DATA SECTION →
....

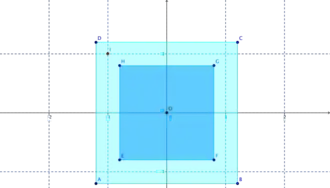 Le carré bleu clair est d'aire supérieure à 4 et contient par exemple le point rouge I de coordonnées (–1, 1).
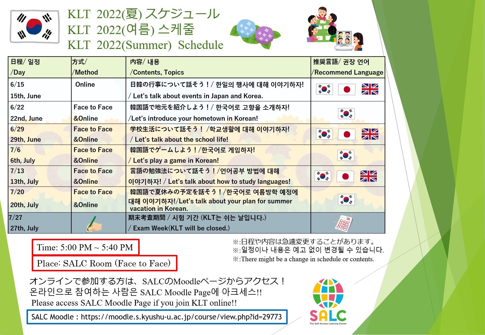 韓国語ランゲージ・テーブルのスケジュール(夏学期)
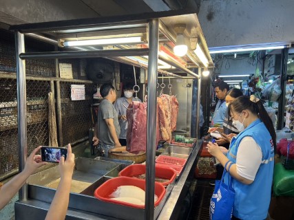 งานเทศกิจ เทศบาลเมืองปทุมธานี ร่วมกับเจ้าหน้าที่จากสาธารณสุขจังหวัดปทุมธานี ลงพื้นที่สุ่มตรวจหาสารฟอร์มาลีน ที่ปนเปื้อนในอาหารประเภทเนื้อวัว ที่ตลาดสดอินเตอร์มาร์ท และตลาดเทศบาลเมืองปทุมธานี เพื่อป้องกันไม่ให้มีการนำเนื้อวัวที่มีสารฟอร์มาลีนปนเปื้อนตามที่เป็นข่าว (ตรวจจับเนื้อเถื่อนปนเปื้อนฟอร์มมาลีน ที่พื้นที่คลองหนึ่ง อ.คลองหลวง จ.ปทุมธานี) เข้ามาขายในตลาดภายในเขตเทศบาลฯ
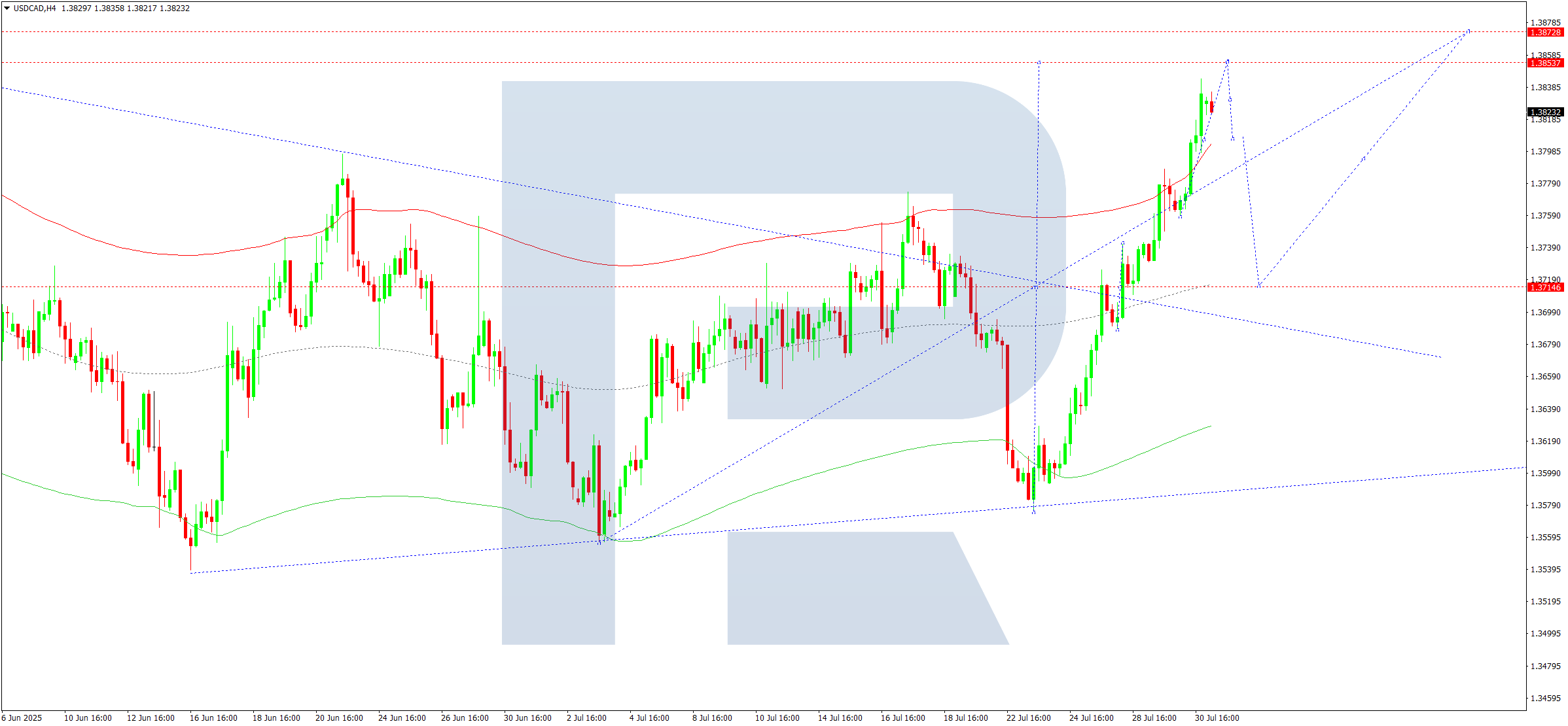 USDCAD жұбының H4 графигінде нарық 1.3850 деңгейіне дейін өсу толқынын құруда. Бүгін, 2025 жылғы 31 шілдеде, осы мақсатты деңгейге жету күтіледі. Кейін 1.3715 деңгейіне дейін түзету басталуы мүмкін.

....

YOUR INSTRUCTIONS → Write every line above again exactly, but leave the pictures out.

EXERCISE SOLUTION →
 Le carré bleu clair est d'aire supérieure à 4 et contient par exemple le point rouge I de coordonnées (–1, 1).
 韓国語ランゲージ・テーブルのスケジュール(夏学期)
 งานเทศกิจ เทศบาลเมืองปทุมธานี ร่วมกับเจ้าหน้าที่จากสาธารณสุขจังหวัดปทุมธานี ลงพื้นที่สุ่มตรวจหาสารฟอร์มาลีน ที่ปนเปื้อนในอาหารประเภทเนื้อวัว ที่ตลาดสดอินเตอร์มาร์ท และตลาดเทศบาลเมืองปทุมธานี เพื่อป้องกันไม่ให้มีการนำเนื้อวัวที่มีสารฟอร์มาลีนปนเปื้อนตามที่เป็นข่าว (ตรวจจับเนื้อเถื่อนปนเปื้อนฟอร์มมาลีน ที่พื้นที่คลองหนึ่ง อ.คลองหลวง จ.ปทุมธานี) เข้ามาขายในตลาดภายในเขตเทศบาลฯ
 USDCAD жұбының H4 графигінде нарық 1.3850 деңгейіне дейін өсу толқынын құруда. Бүгін, 2025 жылғы 31 шілдеде, осы мақсатты деңгейге жету күтіледі. Кейін 1.3715 деңгейіне дейін түзету басталуы мүмкін.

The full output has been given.